The sheer amount of all of these expenses will often equal or exceed a person's disposable income.  The request is made on short notice and the court is often forced to make an immediate temporary decision and then a full decision will come often months later as both sides need time to respond to the motion or cross-motion, if filed, and then the court needs time to review and write a decision.

The guidelines on child support provide a formula for the calculation of child support.  If that were all that was involved it is pretty easy to calculate and determine.  The maintenance statute also provides a more complicated formula but that too can be applied and calculated.  The problem arises when a party asks for all the other financial bills to be paid while also seeking child support and maintenance.

Most judges, if not all, will initially determine the income of the parties and then use the formulas to calculate both child support and spousal support.  Then the court will need to examine the other bills and determine how to apportion them between the two spouses.  The court will consider whether the parties are living together or separately, what the resources are of each party, whether there have been changes in either party's income more recently and whether the expenses have changed recently.

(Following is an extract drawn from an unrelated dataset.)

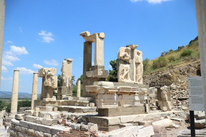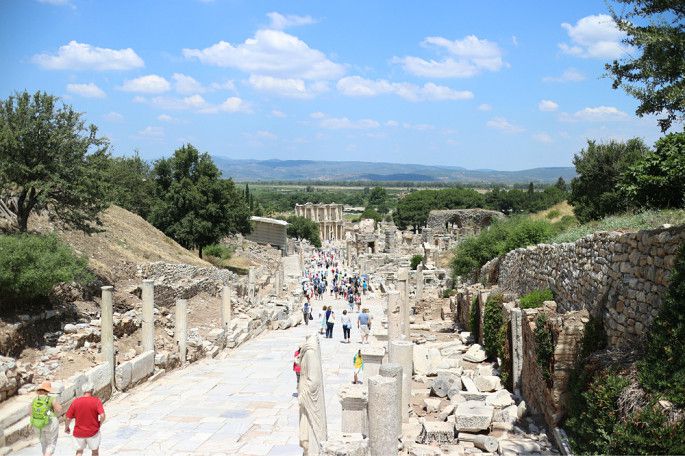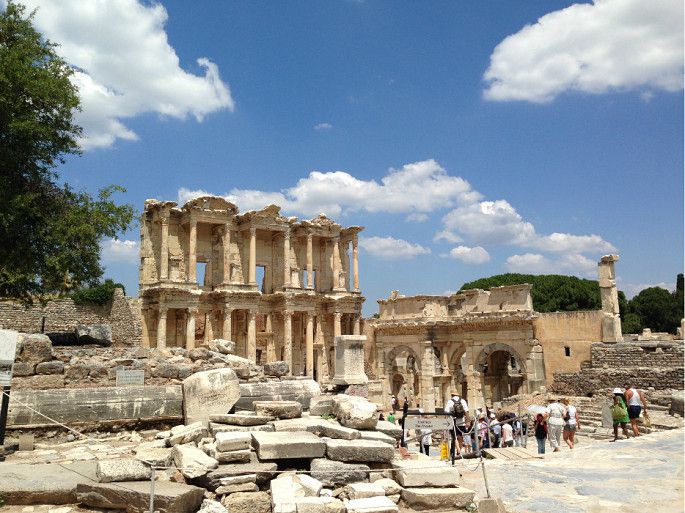 以下内容来自百度: 以弗所常常被西方人称之为土耳其的庞贝,以弗所是地中海东岸保存得最完好的古典城市,也是早期基督教的重要中心。这是一个大型的遗址至今只挖掘了一部分。已经挖掘出的那部分向我们展现了该城原来的繁华。戏院非常之大,是通向海港的海港街道的主要景观。很不幸,阿尔忒弥斯神庙,世界七大奇迹之一,只留下一些不起眼的圆柱。神庙的大部分艺术品都被英国人带走,今天收藏在大英博物馆中。

The courts are mindful of the concept that child support and spousal support have a built in component for some of the above expenses.  Therefore, many judges will, if they order payment of other bills, deviate from the formula numbers and reduce the child support or the spousal support because the other spouse has been directed to pay the mortgage or the utilities or the car payment or the health insurance expense.  The idea is to maintain the parties as best as possible when income and resources are being divided or split between two residences.  A difficult task for sure unless the parties have significant incomes and/or assets.